Разговор повторялся тысячу раз. Каждое новое слово хирурга обтачивалось/обсасывалось всесторонне. Миллион раз.
– Мы должны умерить свои ожидания. Так он сказал.
Картина четвёртая: Доктор
– В лучшем случае, мы имеем право рассчитывать на светочувствительность.
В маленьком геометрически-квадратном помещении врачебного кабинета расположились трое: доктор Криг (за столом), Анна Адамовна (напротив) и Астя (сбоку, на табуретке, у двери).
Анна Адамовна:
– Что вы хотите сказать?
Женщина подняла на доктора свои огромные глаза, сверкнула ими, как кошка… не помогло – док ещё находился в "демоническом состоянии", он только что проводил операцию.
– Буду откровенен. Зрение не вернётся. Невозможно. И вообще, наш проект следует назвать "если".
– Не понимаю… – проговорила Анна Адамовна. Оглянулась на дочь, Астя слушала, не дыша, как мышка.
Криг стянул с голову голубоватую шапочку, швырнул её на пол, точно использованную шлюху. Потянулся к пачке сигарет, рука его замерла на полпути. Анна Адамовна едва заметно кивнула, и хирург полез в портфель за "насваем".
Откинулся на стуле, опустил веки, пожевал.
Через пару минут он "переродился". Стал мирным, добрым, чувствительным.

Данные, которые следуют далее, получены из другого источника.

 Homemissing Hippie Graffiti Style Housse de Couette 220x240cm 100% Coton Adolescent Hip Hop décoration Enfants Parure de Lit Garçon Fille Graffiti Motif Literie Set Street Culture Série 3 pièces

– Если… всё зависит, от если… Если мы найдём спонсора, получим двести пятьдесят тысяч долларов.
Если пропустят контракт.
Если швейцарцы согласятся сделать пластины.
Если я смогу удачно их имплантировать.
Если они приживутся.
Если не случится других если…
– Тогда что? – спросила Анна Адамовна. – На что мы имеем право рассчитывать?

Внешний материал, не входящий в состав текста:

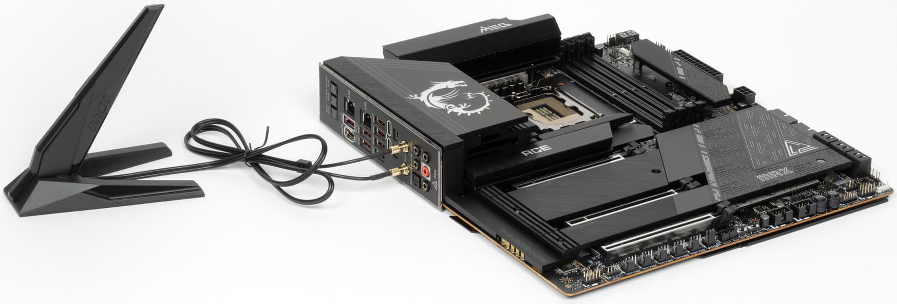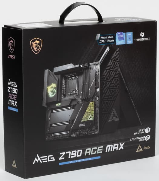 MSI MEG Z790 Ace Max поставляется в традиционной толстой черной коробке фирменного дизайна серии MEG. Комплект размещен под платой в отдельном отсеке.

Вопрос получился пафосным, нелепо-рекламационным. Претензия звучала назойливо, точно вырванная с мясом пуговица. Доктор мог расхохотаться в ответ, воскликнуть: "Ни-на-что! Вы – твари дрожащие! Вы не имеете права надеяться! Таких как вы много".
И это правда: больных много. По стране – сотни, быть может, тысячи. Терапевтов тоже внушительная армия, но здесь недостаточно быть терапевтом, микрохирургом, или офтальмологом. Нужен Волшебник, способный победить "если".
– Вернётся светочувствительность, – проговорил Криг. – Она сможет различать контуры предметов, свет и тень, если…
– Мне страшно! – воскликнула из своего угла Астя. – А если что-то пойдёт не так?